Both products are based on the same basic concept designed by Carl Benson, and they always come out with updated models to satisfy user’s needs.
The unique thing is that they share the same primary receiver and action.
However, Mossberg’s series still has a lot of distinguishing points such as bore size, stock, adjustable fiber optic sight, magazine feed system, forearm materials, barrel length, and choke options, so the Mossberg 500 and 590 have clear differences, which I will go over below.
Mossberg 500 vs 590 Comparison Video
The Mossberg 500 is a pump-action shotgun that can shoot 12 gauge ammunition. With six rounds in maximum capacity, this gun can hold more than average shotguns of the same caliber.
However, you can get it at an affordable price. It somehow costs less than the average 12 gauge shotgun.
It is also relatively light, weighing about 7.25 lbs, which is lighter compared to other shotguns.
With the barrel’s length being about 24 inches and the overall length approximately 44.25 inches, it’s similar to other 12-gauge shotguns in terms of length.
After many innovations, the Mossberg 500 has proven to be one of the most versatile and excellent shotgun platforms. It’s been used by various police units and movie productions worldwide.
It offers a model to suit different applications and all kinds of customers. People looking for home defense options, law enforcement officers, and even the military use it.
It comes with a lot of useful features such as a dual extractor, easy-to-field strip, a ribbed vent barrel with twin bead sights, an ambidextrous top-mounted safety, steel bolt lockup, and twin action bars.
It is one of the rugged and reliable shotguns you can get. I wholeheartedly recommend it. It’s my most venerable shotgun, even after decades of use.
This Mossberg model is a 12-gauge pump-action shotgun. It accommodates 3 inches in two and three quarter-inch shells.
Besides that, it has a full-length magazine tube. When loaded with two and three-quarter-inch shells, the magazine will hold eight in the firearm. It has an extra round in the chamber, giving it a 9 shell capacity.
When loaded in 3 inches, the magazine can hold seven. It also has a heavy wall barrel.
This variant comes with full features such as Dole extractors wherein the receiver is drilled and tapped for mounting rail or optics. It has safety settings that are intuitive when you push the weapon and get ready to fire.
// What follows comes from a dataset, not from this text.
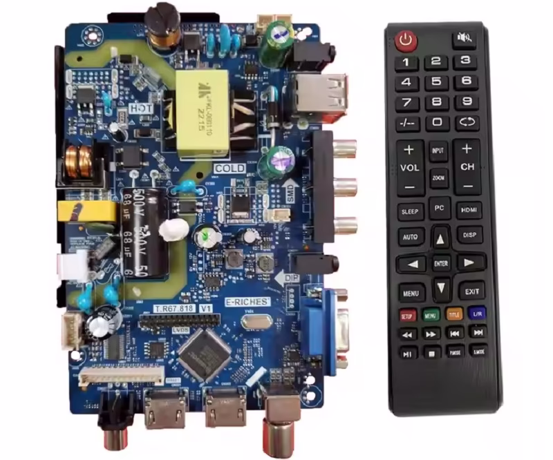 T.R67.818 is a simple ATV Driver Motherboard designed for LCD/LED TVs. It is designed to support 32-inch to 39-inch HD and Full HD LCD LED Panel Screens. This board is suitable for the Asia Pacific and the Middle East markets. This is a three-in-one Combo Board. The main power module, LED Backlight Inverter Circuit module, and ATV Card are built into a single piece of motherboard (PCB).
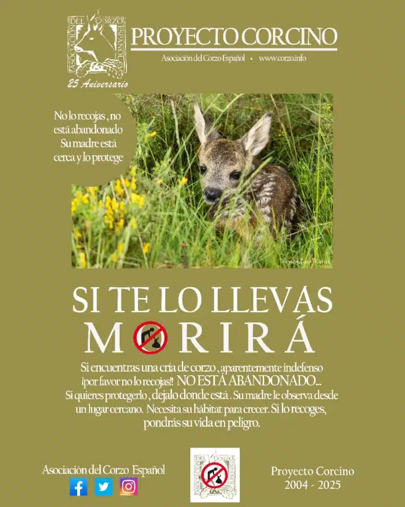 A pesar de los años, se siguen recogiendo corcinos en los centros de recuperación, cada año, llevados por personas que desconocen las costumbres reproductivas de la especie. Por otra parte, el corzo es una más de las especies cuyas crías perecen por acción de la maquinaria agrícola en cada temporada. Por tanto, es indispensable seguir con el mensaje para llegar a todos los colectivos implicados.

Moreover, it has a bayonet lug for mounting in the M9 bayonet. While most civilians wouldn’t want a bayonet on their shotgun, I’d imagine military breachers finding some use for it.
This model is sold in a variety of variations so that you can have a lot of options. It is effortless to clean and maintain by spraying the inside of the receiver as well. I’ve also found the barrel easy to remove for whatever purpose.
Differences Between the Mossberg 500 vs 590
1. Magazine Tube Design
This is probably the most significant differentiating factor between the Mossberg 500 and 590 that I suggest you consider carefully.
The magazines of the Mossberg 500 are closed at the muzzle end. It’s held in place by bolting into the threaded hole at the endpoint of the mag tube.
However, the 590’s magazine is designed to be opened at the muzzle end. Besides, the barrels fit around the magazine tube and are held on by the cap nut at the endpoint.
The 590 magazine’s parts are easy to clean and remove, as removing the nut allows the removal of the magazine spring and followers.
2. Safety, Trigger, & Trigger Guard
Both of the shotguns have polymer trigger guards, safety, and standard barrels. The Mossberg 590 has bayonet lugs and ghost ring sights, while the Mossberg 500 doesn’t.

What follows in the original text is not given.